Statistical analysis provided by the agency indicates that drone operations alone account for roughly 60% of these recent casualties. This data highlights how the evolving technical nature of the conflict is directly endangering non-combatants in their homes, neighbourhood marketplaces, and temporary shelters.
UNICEF Representative to Sudan, Sheldon Yate, emphasised that children remain trapped in a destructive cycle of violence, displacement, and systemic deprivation. Yate noted that children are frequently targeted or caught in crossfire while attempting to access basic medical care or educational facilities, stripping them of any authentic safe havens.
Beyond the immediate physical dangers of detonation and shrapnel, the international body warned of severe long-term psychological trauma gripping youth in repeatedly bombarded communities. Furthermore, UNICEF documented a sharp rise in secondary grave violations against minors, including forced military recruitment, abductions, sexual violence, and targeted strikes on hospitals.

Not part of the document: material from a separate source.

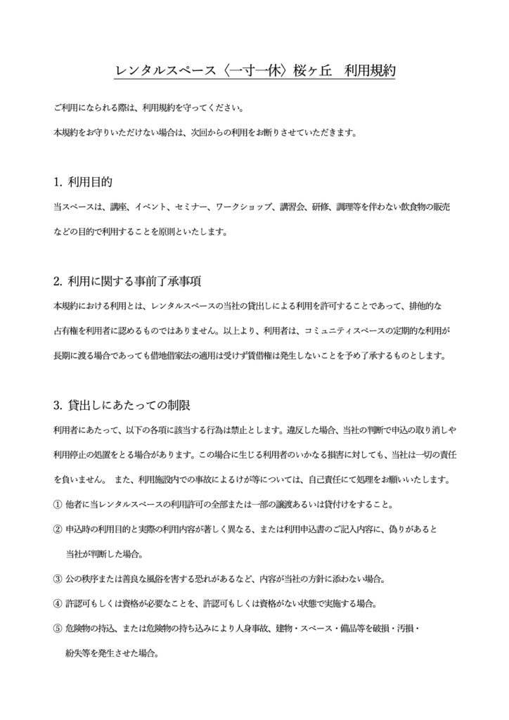 レンタルスペース一寸一休のご案内

8) ICC deputy prosecutor gathers Darfur violation testimonies in Chad
The International Criminal Court (ICC) has reaffirmed that its investigations into alleged atrocities across Darfur remain an absolute institutional priority. The declaration coincided with a formal field mission by ICC Deputy Prosecutor Nuzhat Shamim Khan to Sudanese refugee camps located in eastern Chad.
During her visit to the Farshana and Goz Beida encampments, Khan met extensively with displaced Darfuri communities to gather direct eye-witness testimonies. She assured community leaders that the legal cases being built in The Hague are explicitly grounded in the statements of those who survived the violence, emphasising that the court is determined to amplify their voices on the global stage.
Khan reported that her investigative teams have secured critical, high-grade evidence over recent months regarding the widespread atrocities committed during military operations in El Fasher and El Geneina. The compiled dossiers detail extensive patterns of persecution, systemic destruction of civilian infrastructure, and rampant sexual violence directed at women and young girls.
Addressing the traditional structure of accountability, Khan clarified to local leaders that the ICC’s prosecution strategy is not limited to low-level tactical perpetrators. Instead, the Office of the Prosecutor is actively using the collected evidence to identify broader criminal patterns, with the goal of indicting and apprehending high-ranking orchestrators at the top of military command.